RadioShack was always a small store, often nestled between a beauty salon and Little Caesar’s on the sides of roads with more potholes than traffic. The electronics retail chain grew up selling specialty radio parts for a burgeoning market. For a time, RadioShack thrived amongst Sunday catalogues, people who wanted handheld TVs, and kids who built little AM radios because they had no friends.

The store may never have been happier than it was in the 1990s, when people had money to spend on 900mHz cordless phones and digital watches that could also change the TV channel. For a few years the little store was even making commercials withSuperman: Adventures of Lois and Clark star Teri Hatcher, and Howie Long, a former football player allowed to act next to Ms. Hatcher.

Unfortunately, the highs proved as fleeting as the battery life of a Game Gear. Often confused about who it was, and rarely good with people, RadioShack had trouble keeping up with larger stores, and hated change, even refusing to acknowledge the internet existed until it was far too late. Indeed, neighbors say RadioShack began its slow descent into madness as many as 15 years ago, when walkie talkies stopped being really cool. Visitors noticed the increasingly unconfident store’s employees gave off a distinct impression that they were trapped and had no way of escape.
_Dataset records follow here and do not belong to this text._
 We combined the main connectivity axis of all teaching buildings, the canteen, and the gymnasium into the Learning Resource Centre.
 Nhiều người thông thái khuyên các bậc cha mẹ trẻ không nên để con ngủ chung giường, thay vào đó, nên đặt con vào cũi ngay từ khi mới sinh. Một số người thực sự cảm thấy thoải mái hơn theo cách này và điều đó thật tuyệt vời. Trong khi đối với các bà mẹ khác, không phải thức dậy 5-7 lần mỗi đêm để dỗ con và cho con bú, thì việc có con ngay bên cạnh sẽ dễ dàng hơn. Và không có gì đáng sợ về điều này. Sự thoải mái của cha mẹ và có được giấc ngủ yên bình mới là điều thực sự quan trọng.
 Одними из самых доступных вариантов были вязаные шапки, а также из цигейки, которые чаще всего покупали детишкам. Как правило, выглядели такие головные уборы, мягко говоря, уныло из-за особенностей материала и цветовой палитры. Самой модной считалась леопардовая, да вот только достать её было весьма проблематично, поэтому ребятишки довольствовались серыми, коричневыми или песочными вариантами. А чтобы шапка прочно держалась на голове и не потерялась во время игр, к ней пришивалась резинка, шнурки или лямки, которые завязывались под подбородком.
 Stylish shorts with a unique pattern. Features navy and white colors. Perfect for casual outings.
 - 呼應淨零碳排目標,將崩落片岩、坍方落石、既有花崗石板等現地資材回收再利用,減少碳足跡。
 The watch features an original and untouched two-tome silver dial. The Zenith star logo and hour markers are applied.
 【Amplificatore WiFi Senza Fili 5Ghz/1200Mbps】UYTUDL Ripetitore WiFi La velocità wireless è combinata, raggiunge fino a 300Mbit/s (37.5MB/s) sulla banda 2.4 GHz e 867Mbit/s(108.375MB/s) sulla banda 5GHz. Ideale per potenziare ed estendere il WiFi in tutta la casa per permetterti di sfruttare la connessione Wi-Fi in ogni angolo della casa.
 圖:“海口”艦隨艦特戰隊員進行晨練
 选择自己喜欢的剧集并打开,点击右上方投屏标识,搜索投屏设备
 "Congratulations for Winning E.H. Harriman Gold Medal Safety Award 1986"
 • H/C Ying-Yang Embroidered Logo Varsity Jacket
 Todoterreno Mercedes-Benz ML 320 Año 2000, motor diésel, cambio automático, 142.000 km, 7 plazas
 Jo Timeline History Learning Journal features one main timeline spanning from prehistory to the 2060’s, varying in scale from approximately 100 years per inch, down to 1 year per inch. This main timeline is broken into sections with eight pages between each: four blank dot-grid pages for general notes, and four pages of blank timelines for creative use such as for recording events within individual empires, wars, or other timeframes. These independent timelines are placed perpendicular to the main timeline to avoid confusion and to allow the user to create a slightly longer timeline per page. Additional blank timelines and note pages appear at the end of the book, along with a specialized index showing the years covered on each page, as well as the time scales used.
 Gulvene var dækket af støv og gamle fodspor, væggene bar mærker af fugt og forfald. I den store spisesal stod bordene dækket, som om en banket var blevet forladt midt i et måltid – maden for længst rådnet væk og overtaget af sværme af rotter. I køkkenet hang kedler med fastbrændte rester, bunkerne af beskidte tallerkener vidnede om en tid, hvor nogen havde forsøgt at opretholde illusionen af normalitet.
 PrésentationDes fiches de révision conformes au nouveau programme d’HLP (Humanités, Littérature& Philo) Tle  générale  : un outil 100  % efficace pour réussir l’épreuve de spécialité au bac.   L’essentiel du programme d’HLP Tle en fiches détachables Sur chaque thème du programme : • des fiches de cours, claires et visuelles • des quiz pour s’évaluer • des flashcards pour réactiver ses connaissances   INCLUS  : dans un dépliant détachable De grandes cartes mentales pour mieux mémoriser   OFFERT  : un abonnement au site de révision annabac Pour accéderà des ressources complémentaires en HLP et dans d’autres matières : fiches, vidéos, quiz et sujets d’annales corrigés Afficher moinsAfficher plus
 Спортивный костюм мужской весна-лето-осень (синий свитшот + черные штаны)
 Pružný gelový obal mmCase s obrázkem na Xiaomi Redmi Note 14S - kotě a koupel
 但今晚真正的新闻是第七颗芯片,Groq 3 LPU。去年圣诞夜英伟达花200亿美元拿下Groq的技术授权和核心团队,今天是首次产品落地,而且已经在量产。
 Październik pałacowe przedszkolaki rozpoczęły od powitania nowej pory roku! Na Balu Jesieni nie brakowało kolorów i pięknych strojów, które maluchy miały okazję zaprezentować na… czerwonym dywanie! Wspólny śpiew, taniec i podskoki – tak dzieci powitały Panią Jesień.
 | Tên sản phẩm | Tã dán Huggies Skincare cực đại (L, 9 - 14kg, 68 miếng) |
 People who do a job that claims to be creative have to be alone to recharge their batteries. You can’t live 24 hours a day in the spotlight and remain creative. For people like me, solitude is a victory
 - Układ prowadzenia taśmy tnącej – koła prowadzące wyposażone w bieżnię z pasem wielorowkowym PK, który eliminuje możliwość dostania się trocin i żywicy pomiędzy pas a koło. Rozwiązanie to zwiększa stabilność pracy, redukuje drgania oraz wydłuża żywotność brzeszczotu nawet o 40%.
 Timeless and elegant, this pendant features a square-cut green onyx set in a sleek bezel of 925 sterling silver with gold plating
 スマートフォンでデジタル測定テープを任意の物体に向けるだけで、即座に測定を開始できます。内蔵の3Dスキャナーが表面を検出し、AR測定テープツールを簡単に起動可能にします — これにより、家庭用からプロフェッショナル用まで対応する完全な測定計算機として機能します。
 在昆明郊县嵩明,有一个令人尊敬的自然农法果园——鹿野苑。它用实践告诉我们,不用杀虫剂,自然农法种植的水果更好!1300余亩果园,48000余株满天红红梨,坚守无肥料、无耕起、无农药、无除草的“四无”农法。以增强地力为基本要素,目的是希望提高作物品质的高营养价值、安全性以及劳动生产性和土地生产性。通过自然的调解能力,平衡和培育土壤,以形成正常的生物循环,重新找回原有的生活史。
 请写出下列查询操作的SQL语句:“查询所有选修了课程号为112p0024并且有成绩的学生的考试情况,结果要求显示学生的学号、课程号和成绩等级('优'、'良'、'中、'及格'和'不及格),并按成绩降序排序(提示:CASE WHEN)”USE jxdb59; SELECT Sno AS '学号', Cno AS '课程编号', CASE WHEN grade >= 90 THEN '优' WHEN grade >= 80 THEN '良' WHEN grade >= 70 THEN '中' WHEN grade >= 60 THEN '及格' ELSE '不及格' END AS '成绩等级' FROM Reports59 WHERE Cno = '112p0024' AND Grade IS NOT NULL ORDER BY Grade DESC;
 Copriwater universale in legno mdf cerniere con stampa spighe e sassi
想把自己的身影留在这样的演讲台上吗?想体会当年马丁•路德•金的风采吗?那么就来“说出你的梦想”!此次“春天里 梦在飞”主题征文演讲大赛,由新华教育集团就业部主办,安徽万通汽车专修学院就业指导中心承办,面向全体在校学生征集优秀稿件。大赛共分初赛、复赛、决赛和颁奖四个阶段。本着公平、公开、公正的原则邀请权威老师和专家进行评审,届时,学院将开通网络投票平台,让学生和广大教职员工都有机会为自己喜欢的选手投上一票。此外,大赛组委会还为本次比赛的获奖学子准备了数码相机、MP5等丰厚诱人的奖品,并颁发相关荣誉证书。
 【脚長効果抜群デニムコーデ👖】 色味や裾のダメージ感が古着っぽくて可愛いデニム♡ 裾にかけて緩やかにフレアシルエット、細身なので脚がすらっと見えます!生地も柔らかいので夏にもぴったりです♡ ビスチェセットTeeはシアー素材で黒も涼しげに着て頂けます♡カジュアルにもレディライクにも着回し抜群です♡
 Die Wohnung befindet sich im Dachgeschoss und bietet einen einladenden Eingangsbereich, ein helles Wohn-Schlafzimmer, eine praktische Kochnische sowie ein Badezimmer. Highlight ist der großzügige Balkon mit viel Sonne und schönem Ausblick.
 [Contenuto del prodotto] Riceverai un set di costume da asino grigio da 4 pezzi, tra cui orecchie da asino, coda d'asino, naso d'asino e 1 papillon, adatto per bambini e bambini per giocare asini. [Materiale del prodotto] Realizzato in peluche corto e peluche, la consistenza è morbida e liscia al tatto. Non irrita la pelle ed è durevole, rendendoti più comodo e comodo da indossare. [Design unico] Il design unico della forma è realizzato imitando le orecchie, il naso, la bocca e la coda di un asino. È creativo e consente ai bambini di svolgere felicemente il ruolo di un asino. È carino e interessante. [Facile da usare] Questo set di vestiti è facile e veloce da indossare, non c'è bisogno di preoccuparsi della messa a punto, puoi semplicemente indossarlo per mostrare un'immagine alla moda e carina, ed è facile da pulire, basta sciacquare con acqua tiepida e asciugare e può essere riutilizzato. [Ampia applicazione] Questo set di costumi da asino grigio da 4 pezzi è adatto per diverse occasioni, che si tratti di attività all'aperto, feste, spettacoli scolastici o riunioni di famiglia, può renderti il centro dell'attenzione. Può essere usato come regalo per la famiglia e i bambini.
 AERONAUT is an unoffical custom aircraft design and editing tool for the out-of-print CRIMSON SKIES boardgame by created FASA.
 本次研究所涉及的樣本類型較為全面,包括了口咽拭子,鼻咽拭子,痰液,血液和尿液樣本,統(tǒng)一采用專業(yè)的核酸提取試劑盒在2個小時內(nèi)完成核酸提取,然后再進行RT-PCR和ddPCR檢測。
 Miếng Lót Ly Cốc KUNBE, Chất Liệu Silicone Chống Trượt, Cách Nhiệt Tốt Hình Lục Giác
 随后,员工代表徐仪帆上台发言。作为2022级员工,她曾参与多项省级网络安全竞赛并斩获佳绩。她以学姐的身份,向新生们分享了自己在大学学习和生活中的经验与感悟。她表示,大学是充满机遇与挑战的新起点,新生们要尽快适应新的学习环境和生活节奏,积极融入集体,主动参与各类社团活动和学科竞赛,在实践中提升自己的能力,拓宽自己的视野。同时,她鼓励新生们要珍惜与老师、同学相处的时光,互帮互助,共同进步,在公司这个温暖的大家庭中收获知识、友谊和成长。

Although it had many relationships with CEOs throughout its life, none were meant to be, as each affair proved more toxic than the last. Perhaps it was RadioShack’s hygiene; if you spent any time in a RadioShack lately, you have surely recognized the dour scent of impending death.

It’s important to remember that it wasn’t always about work with RadioShack. Its other hobbies included closing locations and telling employees they were fired with one hour to leave the premises.

RadioShack is survived by 3,039 Sprint phones, 264 gold-plated Monster Cables, 921 RadioShack brand walkie talkies, 15 pairs of COBY wrap-around headphones, 73 remote-control cars collecting dust in the garages of elderly couples whose children are long gone, and the love of RadioShack’s life, Teri Hatcher.

There will be a service held 11:30 a.m. this Saturday at Circuit City Memorial Cemetery.